|Sep3-11, 06:11 PM||#1|
Energy Armor "Ionized" Wristbands
This is clearly a scam; I just wanted to use this space to lay out their claims.
At the Maryland State Fair, Energy Armor has half a dozen or so booths this year. I decided to speak to one of their sales reps to see how they would claim it worked.
The Energy Armor bracelet is a silicone band "infused with volcanic ash" which has "negative ions" in it. The whole product seems built around this idea of "negative ions." The claims on the site and the claims of the sales rep diverged a bit, so I'll mention each.
The website carefully avoids claiming that the bracelet will do anything. The website mentions all sorts of benefits of "negative ions" and claims that the bracelet is infused with these ions, but stops short of saying that the bracelet will have benefits.
The website claims that negative ions boosts blood flow to the brain, are involved in biochemical reactions that increase levels are serotonin, and improve the performance of athletes. Strictly speaking, some of these claims might be true... surely there are some polyatomic ions involved in biochemical reactions. What is unclear is how putting some ions on the surface of your skin has to do with biochemical reactions in your brain.
Elsewhere in the website the following is listed:
Now, the claims by the sales rep I spoke to were different. The rep went a step further than the website and actually stated that the bracelet will improve my energy and help relieve pain due to the presence of these negative ions. The pain relief claim is not advertised anywhere on the website. She then claimed that the negative ions are needed to counteract positive ions that come off of things plugged into the wall.
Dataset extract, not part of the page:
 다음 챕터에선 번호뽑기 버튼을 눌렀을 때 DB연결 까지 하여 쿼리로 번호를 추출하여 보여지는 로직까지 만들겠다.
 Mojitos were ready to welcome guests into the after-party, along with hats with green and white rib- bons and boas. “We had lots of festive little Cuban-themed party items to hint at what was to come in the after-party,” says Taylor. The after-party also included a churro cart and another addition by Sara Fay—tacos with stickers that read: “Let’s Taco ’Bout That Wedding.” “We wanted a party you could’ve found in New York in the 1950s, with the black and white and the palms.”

She said something about things being plugged into the wall have a "frequency" and that causes "positive ions." I tried to explain to her about electromagnetic radiation, and how these radio waves and microwaves are not ionizing, but she just responded with "well, not everybody knows that." Which to me is another way of saying "I was just making stuff up, hoping you wouldn't know the difference."
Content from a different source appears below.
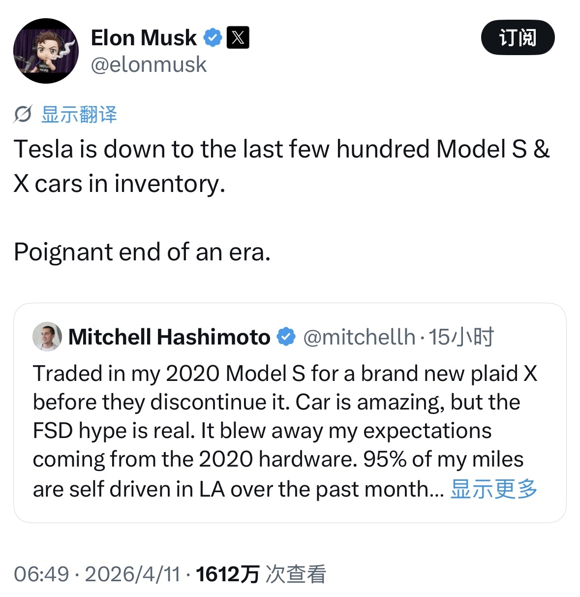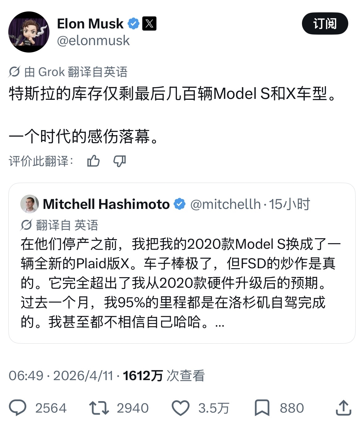 特斯拉CEO马斯克在社交平台发文称,特斯拉Model S和Model X的库存已经只剩最后几百台,一个时代迎来感伤的落幕。这条动态是马斯克回复一位用户的换车分享。有车主表示,在Model S/X停产前,用2020款Model S置换了全新的Plaid版Model X,体验后对FSD完全自动驾驶功能赞不绝口,称在洛杉矶过去一个月里,95%的里程都是自动驾驶完成,远超预期。

And then she tried doing a test on me which I've seen before. A test which I've DONE before. It's little more than a basic magic trick.
She told me to put my right arm out to my side, and to try to resist her pushing my arm down. I was able to resist. I was then instructed to pull my cell phone out and put it over my heart, then repeat the experiment. She was able to push my arm down. The trick is to push in a slightly different direction and slightly harder to force the arm down. She then wanted to repeat the experiment with the band on my wrist, but I refused since I knew the trick and saw where it was going.
I've sent a complaint to the FTC about their potentially misleading marketing. This is just a rehash of the q-ray bracelets (http://www.ftc.gov/opa/2008/01/qray.shtm).
In the meantime, please let your friends and family members avoid this scam.
|Sep6-11, 11:53 AM||#2|
I believe the "smell" they are referring to is ozone. The mention of a "lightning slice" leads me to this conclusion. This doesn't specifically speak to "ionization." Ozone is a polar molecule if I remember correctly, but it's not an "ion" itself.
The confusion about the term "negative ion" seems large here. They should really use the terms "cation" or "anion." Is a "negative ion" short an electron? We would usually think of that as a cation (positively charged).